→ PROVIDED RECORDS

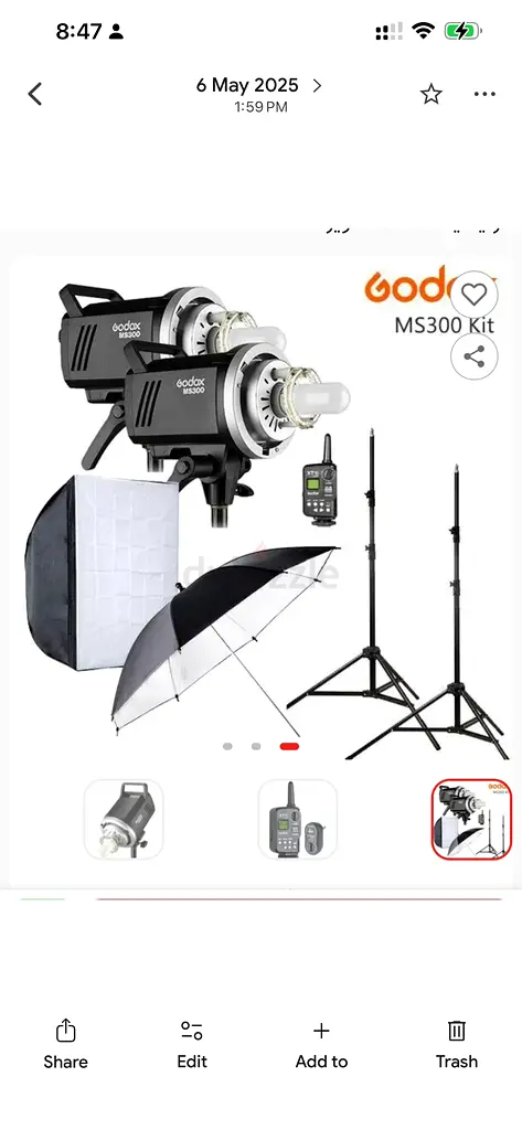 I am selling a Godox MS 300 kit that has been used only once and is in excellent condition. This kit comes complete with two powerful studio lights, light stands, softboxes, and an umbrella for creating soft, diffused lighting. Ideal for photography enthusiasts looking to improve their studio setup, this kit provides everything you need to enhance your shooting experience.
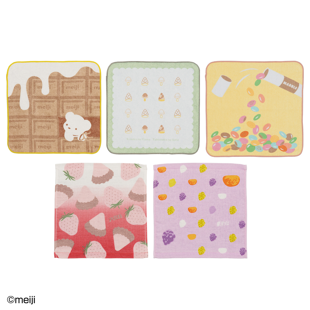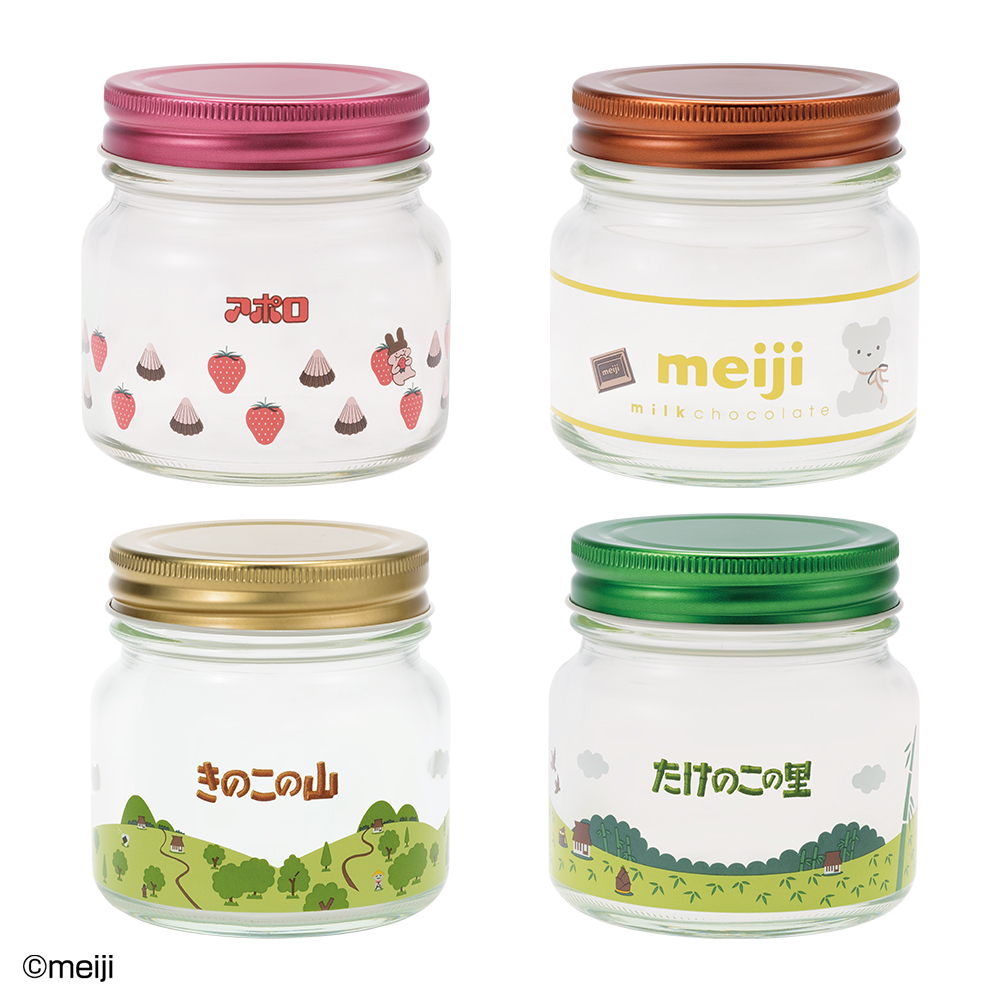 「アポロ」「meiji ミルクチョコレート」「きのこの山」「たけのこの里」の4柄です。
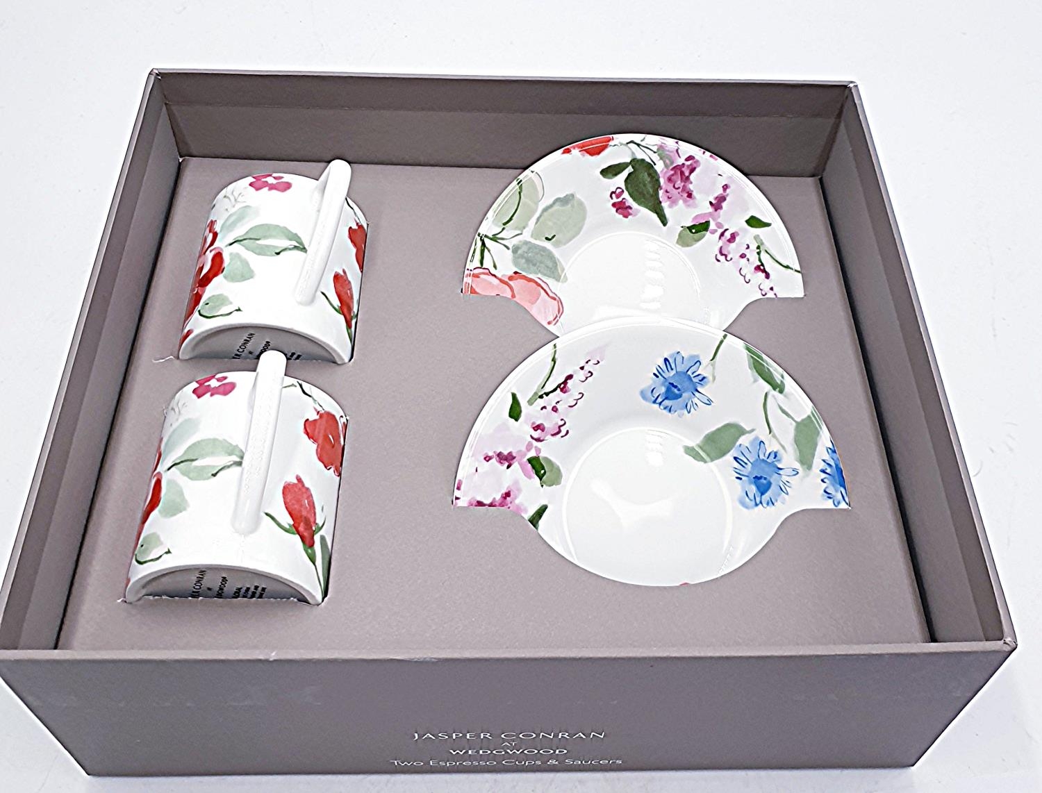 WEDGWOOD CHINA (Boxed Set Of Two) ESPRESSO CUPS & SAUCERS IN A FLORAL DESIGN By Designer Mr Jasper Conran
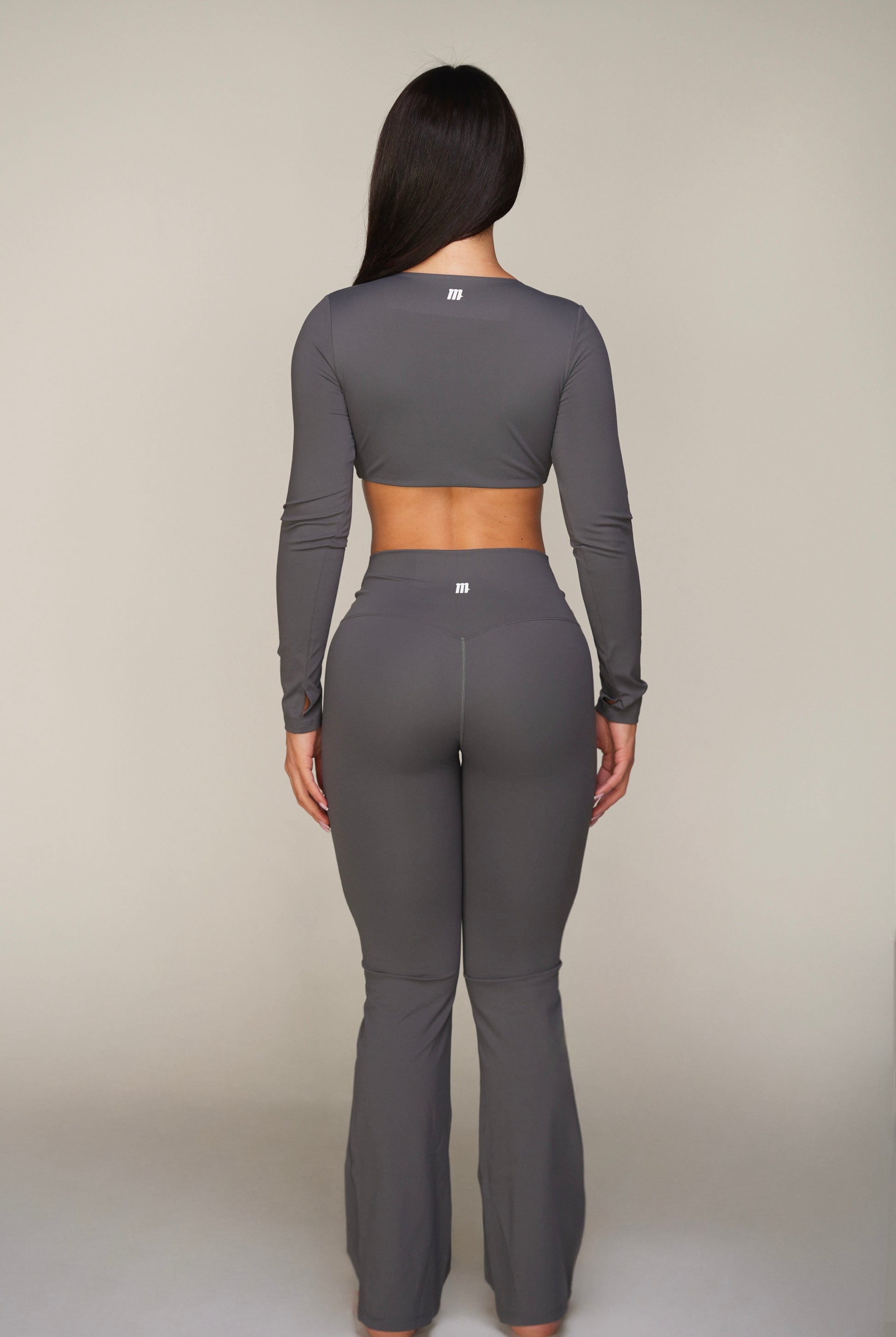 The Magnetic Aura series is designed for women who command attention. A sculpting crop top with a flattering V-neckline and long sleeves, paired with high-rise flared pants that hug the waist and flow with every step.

--

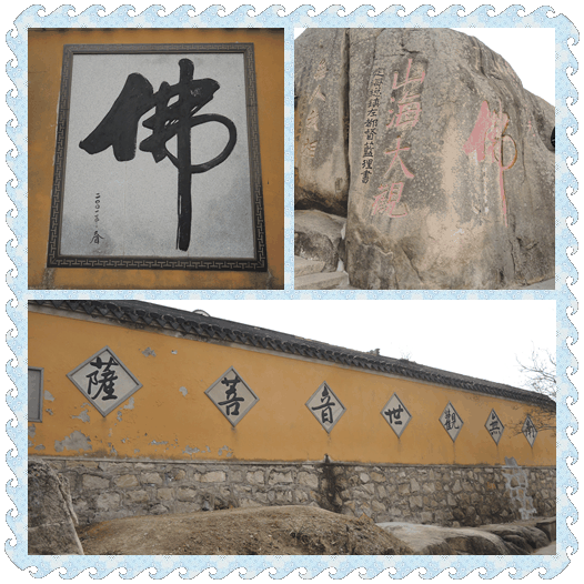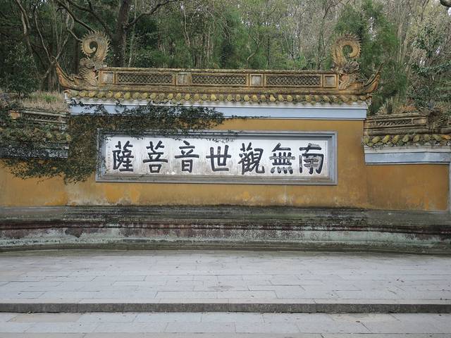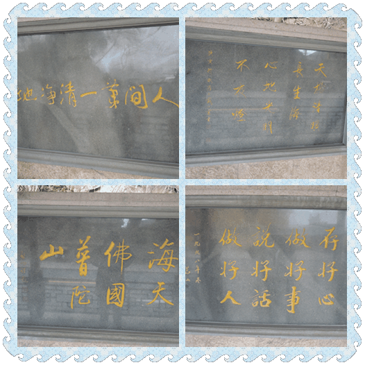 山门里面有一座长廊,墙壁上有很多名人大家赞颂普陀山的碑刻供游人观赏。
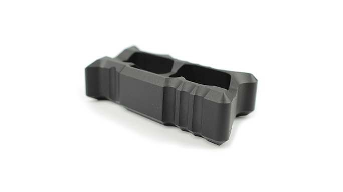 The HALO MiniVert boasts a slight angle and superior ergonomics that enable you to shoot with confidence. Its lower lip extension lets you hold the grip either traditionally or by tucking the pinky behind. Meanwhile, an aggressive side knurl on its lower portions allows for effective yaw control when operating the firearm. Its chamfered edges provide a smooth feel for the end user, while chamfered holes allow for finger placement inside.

==

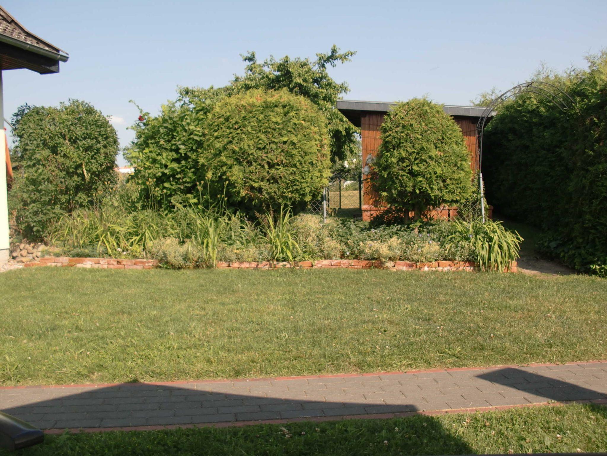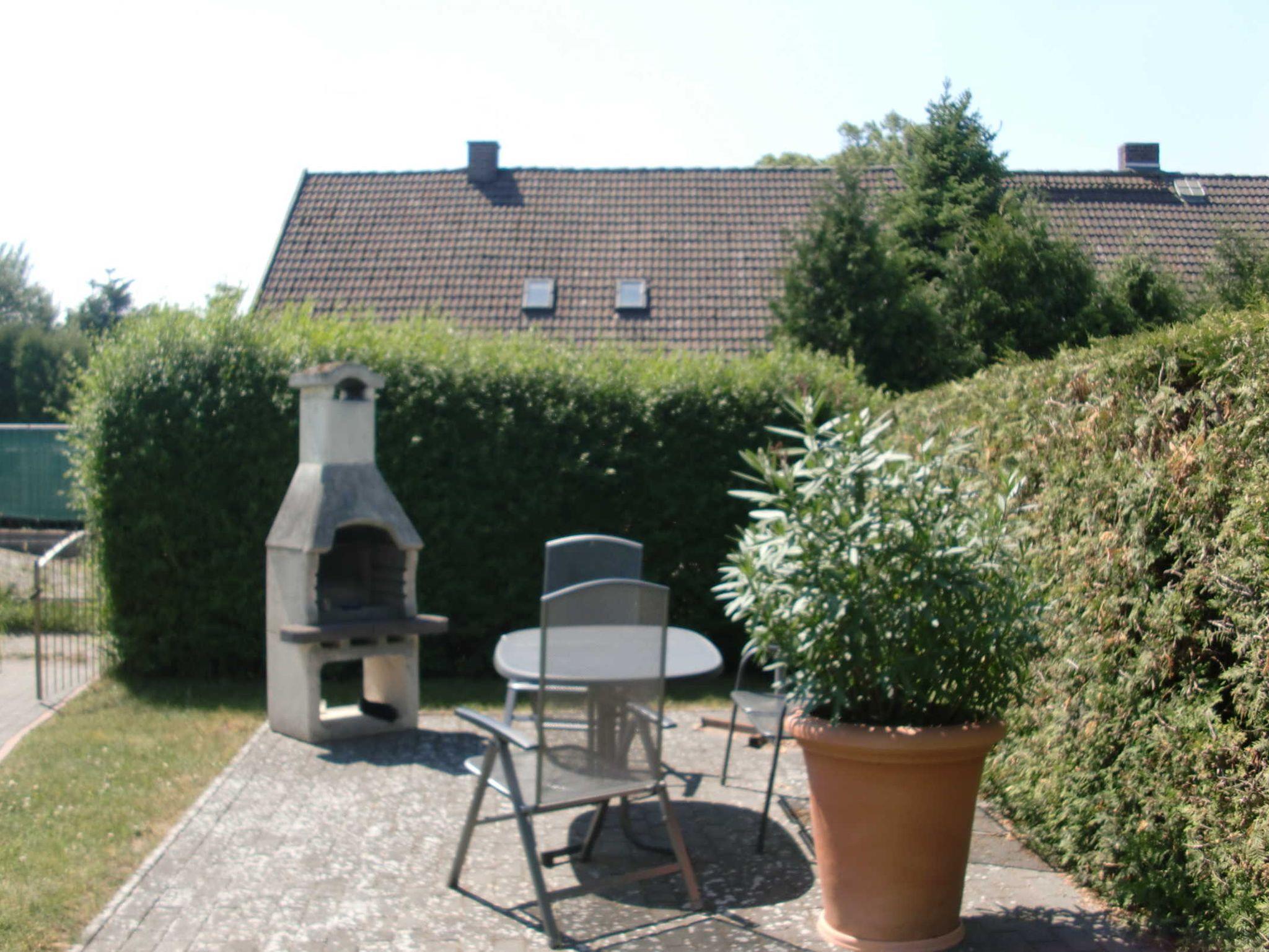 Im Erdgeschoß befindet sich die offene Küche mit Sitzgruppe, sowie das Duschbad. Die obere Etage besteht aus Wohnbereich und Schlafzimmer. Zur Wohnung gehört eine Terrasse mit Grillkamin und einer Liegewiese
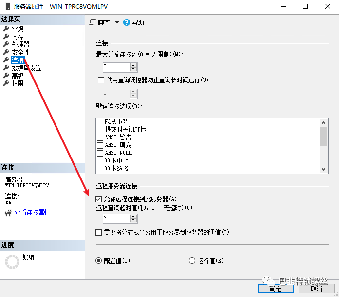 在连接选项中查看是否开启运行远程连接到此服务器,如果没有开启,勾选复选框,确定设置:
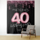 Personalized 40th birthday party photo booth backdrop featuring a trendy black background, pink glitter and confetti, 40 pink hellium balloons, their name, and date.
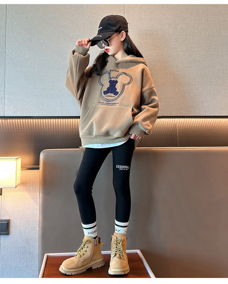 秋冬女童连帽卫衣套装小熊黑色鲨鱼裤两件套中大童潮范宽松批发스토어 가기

→ PROBLEM
In the entries above, find the line containing "WEDGWOOD CHINA (Boxed" and the line containing "The Magnetic Aura"; give again exactly those two lines and every line between them, minus the pictures.

→ TASK RESPONSE
 WEDGWOOD CHINA (Boxed Set Of Two) ESPRESSO CUPS & SAUCERS IN A FLORAL DESIGN By Designer Mr Jasper Conran
 The Magnetic Aura series is designed for women who command attention. A sculpting crop top with a flattering V-neckline and long sleeves, paired with high-rise flared pants that hug the waist and flow with every step.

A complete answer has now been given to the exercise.